After a recent trip to India, Engel was inspired to add elephants to the collection. Three pieces, “Bullet Elephant,” “Ceramic Elephant” and “Mirror Elephant,” whose surface treatments are indicated in their titles, are visually pleasing but lack a sense of real presence, as their stances are not as evocative as past work. “Ceramic Elephant,” covered in a composite of blue mirrored shards and a multitude of mass-produced elephant figurines, is the most compelling of the trio because of its rich surface.

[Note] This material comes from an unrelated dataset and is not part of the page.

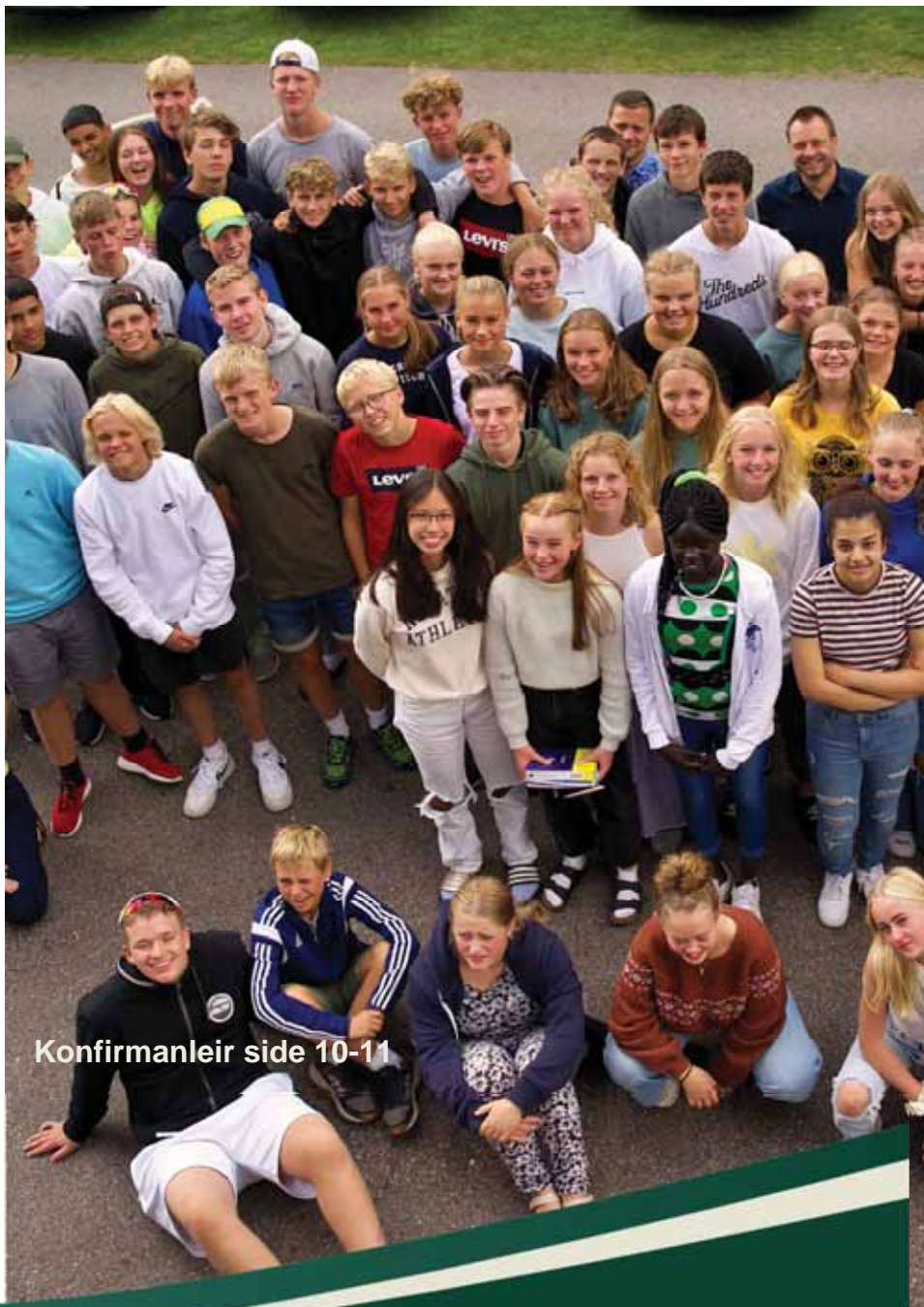
Konfirmanleir side 10-11

“Unicorn” is perhaps the least successful piece in the show. It depicts a mirrored female figure sitting with a unicorn crouching beside her, somewhat similar to the pose seen in the famous 16th-century Netherlandish “Unicorn Tapestries.” The composition of the work, which might reference this mythological taming of the beast by a virgin (a Christian allegory), is awkward, and it lacks the beauty of line and subtlety of her successful pieces.

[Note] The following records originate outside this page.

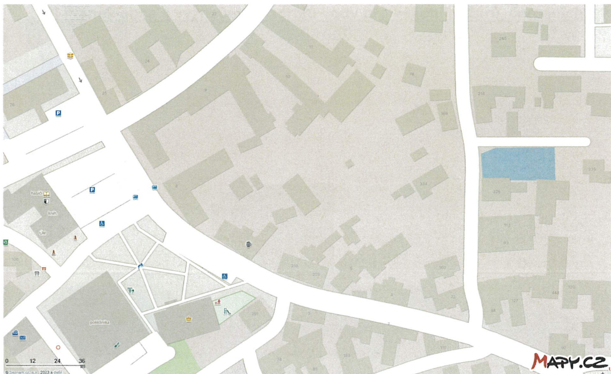
Požární nádrž Rybníček, lokalita „Za humny“ v Sepekově
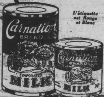
L'étiquette est rouge et blanc

Produit en Canada par la CARNATION MILK PRODUCTS CO., LIMITED —Aylmer—Osterville—1177
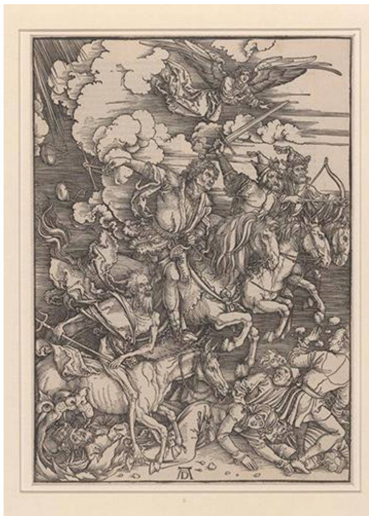
Albrecht Dürer, Les quatre cavaliers de l'Apocalypse (1497-1498)

Estampe, La Révélation de Saint Jean (Apocalypse)
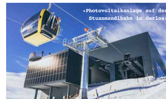
»Photovoltaikanlage auf der Stuanmandlbahn in Gerlos«

In Gerlos, a biomass heating plant was already commissioned in 2014, which will supply about 130 houses in Gerlos. Four photovoltaic systems are also in operation in the Zillertal Arena. With the energy from the latest system at the Stuanmandlbahn in Gerlos, more than 640,000 people can be transported on the Vorkogel t-bar lift per season in a CO 2 -neutral way. Outside of operating hours, the electricity generated is fed into the public grid. In addition to an additional economic benefit, this makes an active contribution to sustainable energy generation. In
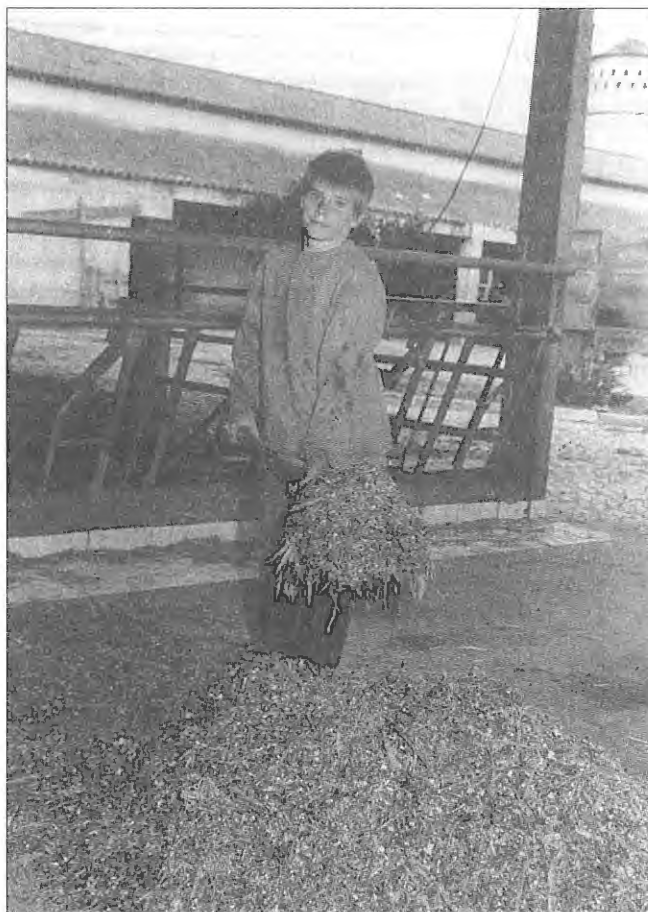
Assim se curam os males psicológicos e se faz a «reinsersão» social nas Casas do Gaiato.

“Jaguar With Shaman” takes a slightly different tack. Here, Engel has created a bare-breasted, “native” female figure riding astride a black, mixed-media-encrusted jaguar. The rider’s brown skin is adorned with various symbolic tattoos of flora and fauna (applied transfers from vintage prints) — the Tree of Life, the lotus and various creatures, birds, a wolf, a snake, a bat, etc. — which symbolize her spiritual, shamanistic powers. Although interesting in the details of its adornment, the work’s metaphorical-mystical content feels a bit heavy-handed, and the figure appears oddly proportioned in a stiff, doll-like manner.
With “White Bear With Cub” Engel produces a more compelling dynamic. The animals relate to each other, as opposed to a seen (or unseen) human, and the effect is charming. They evoke the notion of white bears, an unusual phenomenon outside the Arctic, which play a prominent role as “spirit bears” in Native American folklore. Regardless of any mythological construct, Engel proves once again that a strong sense of animal presence can arise from the most elegant and minimal of forms.